Contact angles of C1-C4 samples were measured in KRUSS DSA100 instrument. From the contact angle values, wettability was determined (Gogoi 2007). Contact angle and wettability is an important criterion for alkali flooding. For chemical EOR process, the reservoir rock should be water wet; otherwise, it should be altered from oil wet to water wet by alkali flooding (Anderson 1987). Wettability depends on contact angle. Before measuring the contact angle, the sample was saturated under vacuum in 3000 ppm brine solution for 3 h; then, the core was centrifuged with crude oil for 30 min (3000 rpm); after that, it was soaked in toluene for 2 s to remove the surface oil under atmospheric pressure. Toluene has the capability of removing oil by dissolving. During this process, toluene could not flush out the oil in the core because core was saturated under vacuum and soaking was done under atmospheric condition. After removing the surface oil, the core was placed in the centrifuge at 3000 rpm for overnight in surfactant solution. Core was placed in core holder of contact angle measuring instrument. One drop of oil from reservoir under study was injected through the needle. The oil drop makes an angle when it has touched the core sample surface. The picture of the oil drop has been taken with the microscope associated with the instrument and tangent was drawn to find the contact angle. The wettability obtained from DSA 100 was validated with the relative permeability graph obtained from JBN method.
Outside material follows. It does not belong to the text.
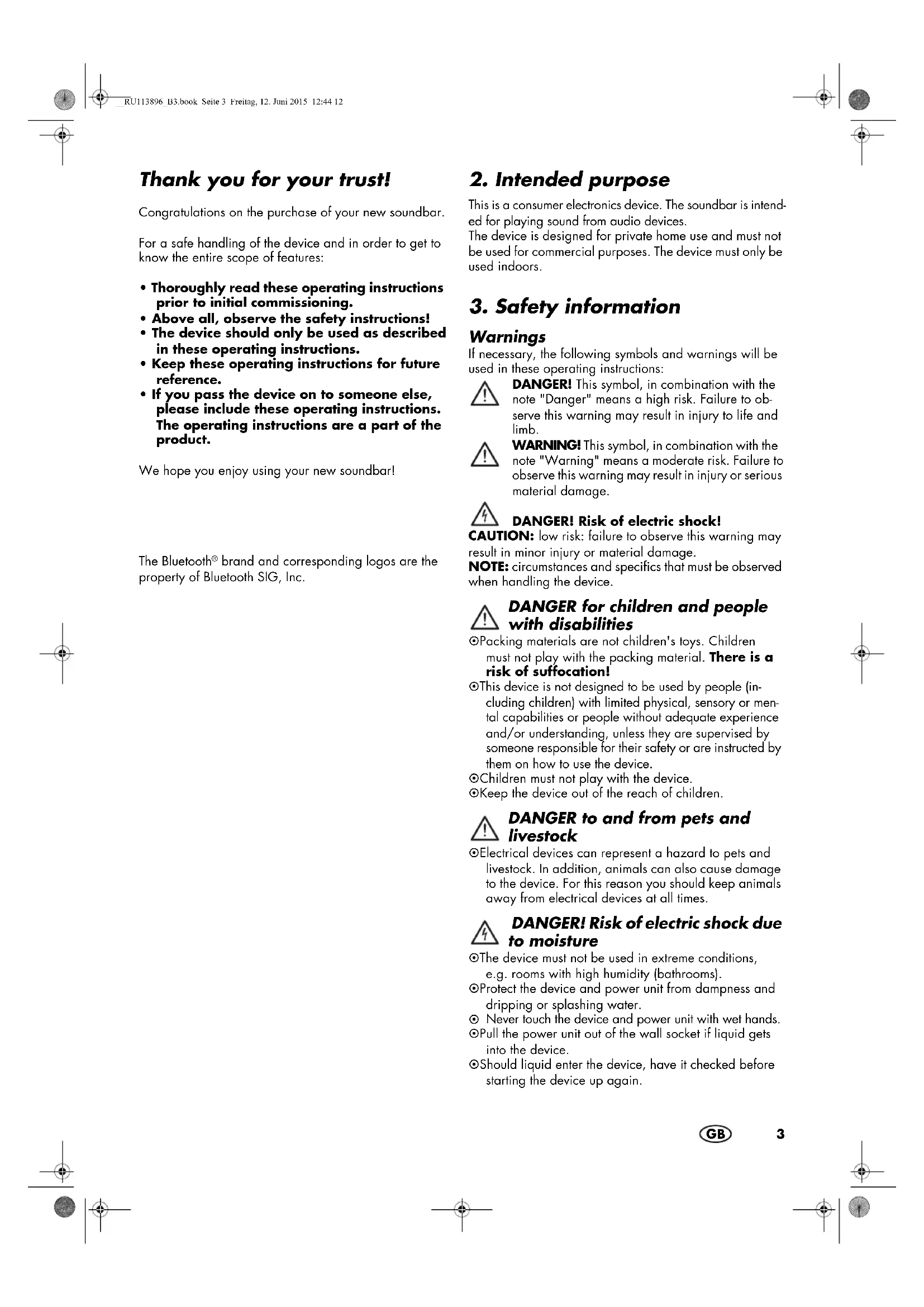 - If you pass the device on to someone else, please include these operating instructions. The operating instructions are a part of the product. We hope you enjoy using your new soundbar! The Bluetooth

In relative permeability curve if the crossover point between non-wetting phase and wetting phase is 50% of water saturation (Sw), then the rock is said to be water wet; otherwise, it is oil wet (Anderson 1987). Alkali has a strong role over the alteration of wettability. It changes the wettability from oil wet to water wet which is desirable for ASP flooding (Samanta et al. 2012; Das and Gogoi 2015) (Tables 3, 4, and 5).

Table 3 Contact angle of core sample with brine, SDS, and Na2CO3
Table 4 Initial core properties
Table 5 Water–oil relative permeability (JBN method)

Relative permeability

Relative permeability of wetting phase and non-wetting phase can be measured by JBN method. In this method, the capillary effect is neglected; therefore, in case of low flow, this method cannot be used. The experimental data was generated in core flooding instrument made by Gon engineering works (Core flooding Instrument). The experimental data generally recorded includes:

\({Q}_{\mathrm{i}}\)= quantity of displacing phase injected.

Δp = pressure differential

\({\Delta p}_{\mathrm{i}}\)= pressure differential at initial conditions.

\({Q}_{\mathrm{o}}\)= volume of oil produced.

\({Q}_{\mathrm{w}}\)= volume of water produced.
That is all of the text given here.